How to Add a New User?

The steps to add a new user are as follows:

1. Go to Management > Permissions > User Management page.
2. Click the Add User button on the right to enter the Add User page.
3. Fill in user information:
   • Username: Enter the new user's username (within 50 characters).
   • Real Name: Enter the user's real name (within 50 characters).
   • Is Azure Entra ID Account: Select whether this is an Azure Entra ID account.
   • Is Administrator: Choose whether to set this user as an administrator.
   • Other information (such as email, organization, role, etc.) is optional and can be filled in as needed.
4. After completing the information, click the Confirm button to create the new user.

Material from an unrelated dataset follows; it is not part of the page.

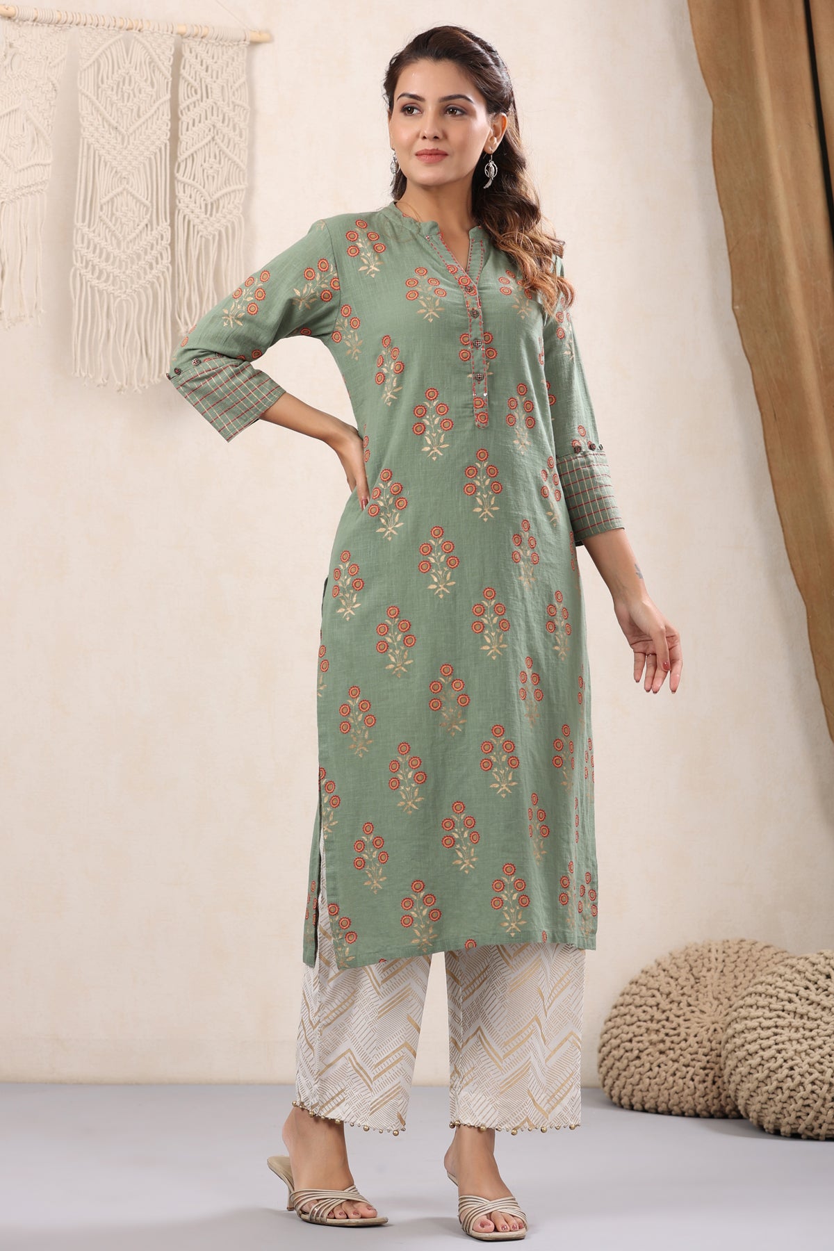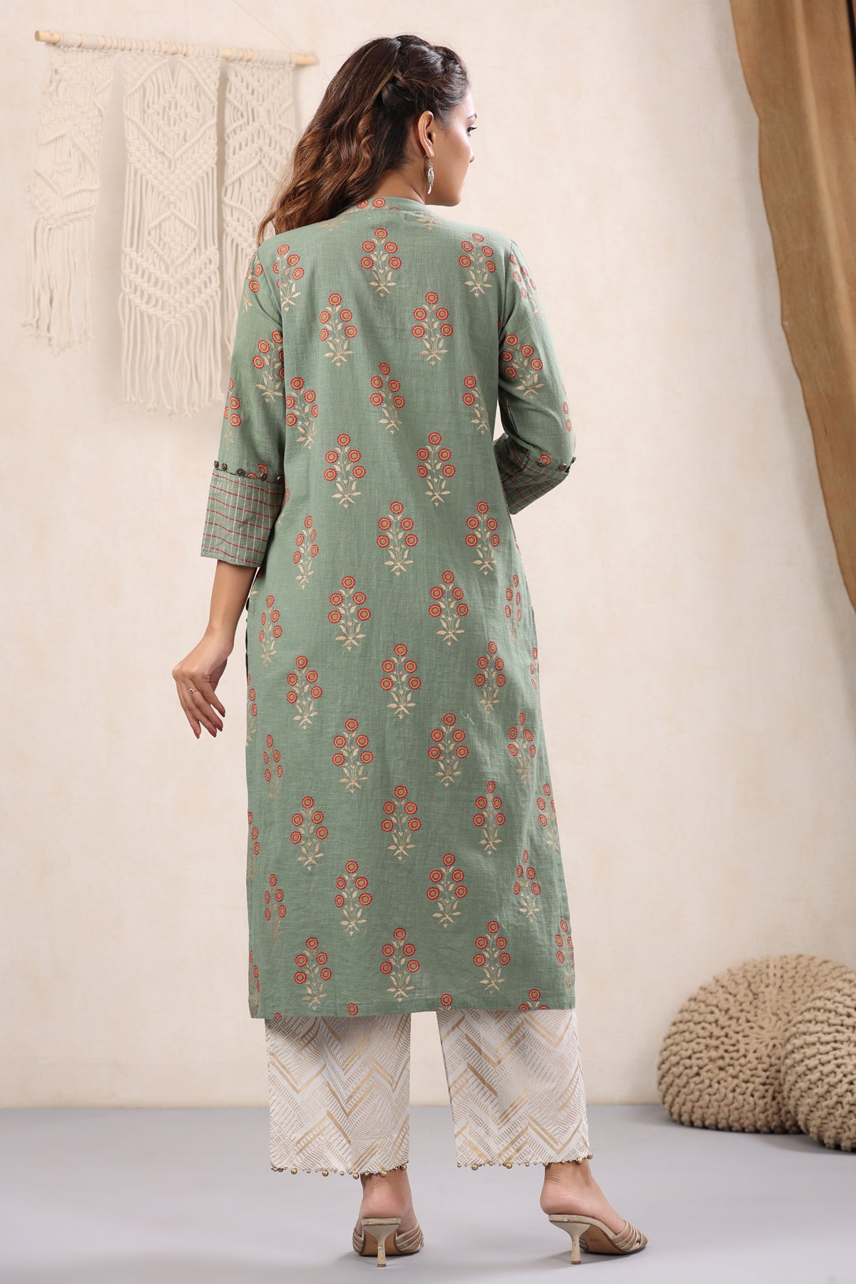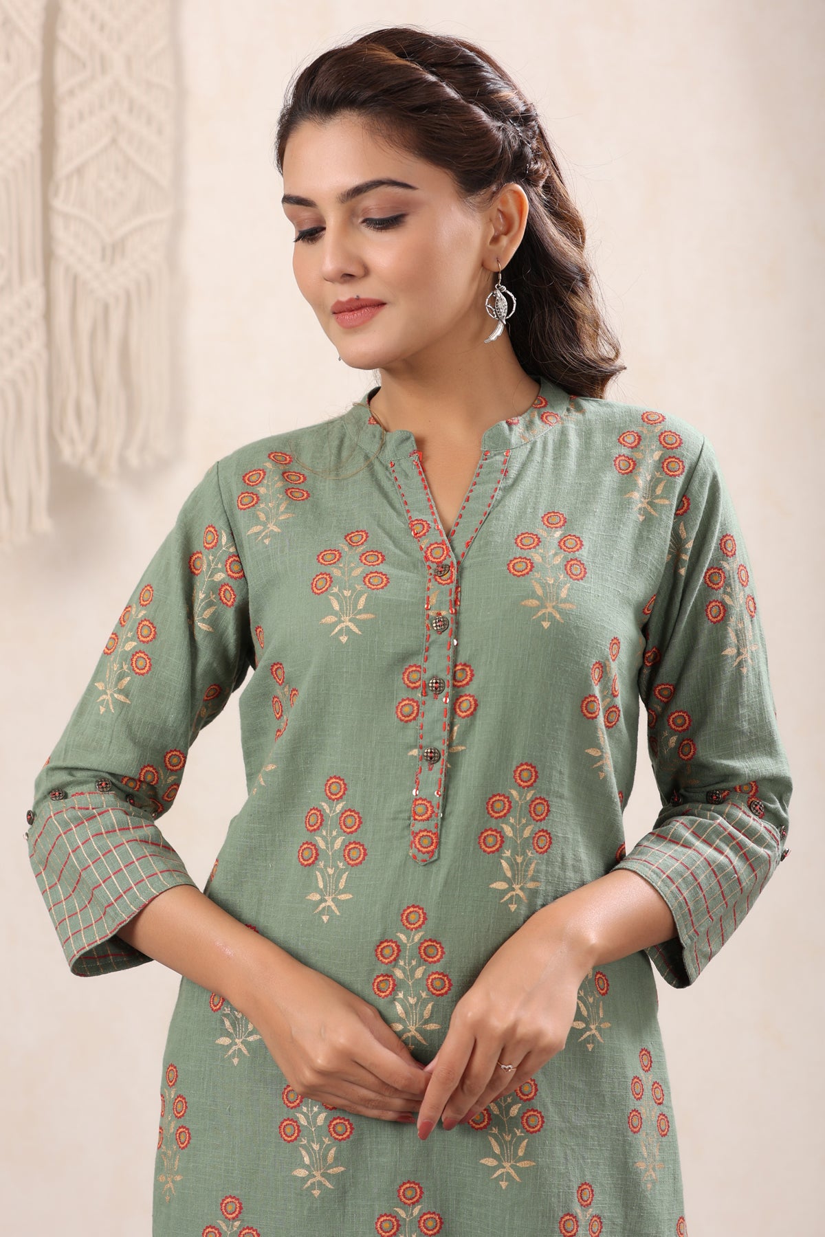 What makes this Moss Green Floral Cotton Kurta truly unique

💡 Tip: If you select Azure Entra ID for the new user, the email field is required.

How to Change a User's Password?

The system supports changing user passwords in the following two ways:

1. Method 1: Administrator Resets Password (for users who forgot their password or for initial setup)

The administrator can generate a temporary random password for the user. The user must change the password immediately after logging in for the first time.

• Navigate to Management > Permissions > User Management page.
• Find the user whose password needs to be reset, click the three dots next to the user, and select Reset Password.
• In the pop-up confirmation dialog, click Confirm. The system will generate a new random password.
• Copy the new password and provide it to the user to complete the password reset.

💡 Tip:

• After resetting the password, the user will be required to change the password upon first login, thus achieving the purpose of password modification.
• The password must be at least 10 characters and contain uppercase and lowercase letters, numbers, and special characters.

2. Method 2: User Self-Service Password Change

After logging in, users can change their own password at any time in the personal center.

• Click the user avatar at the bottom right corner of the system interface to enter the Personal Center.
• Click on password, enter the old password (the system usually auto-fills the current login account's password);
• According to the password rules above, enter and confirm the new password, then click Confirm to successfully change the password.

Personal Center

The Personal Center is the core page for users to view and manage their own account information and preferences. Here you can check your profile, view your permissions, and customize the system display language and theme.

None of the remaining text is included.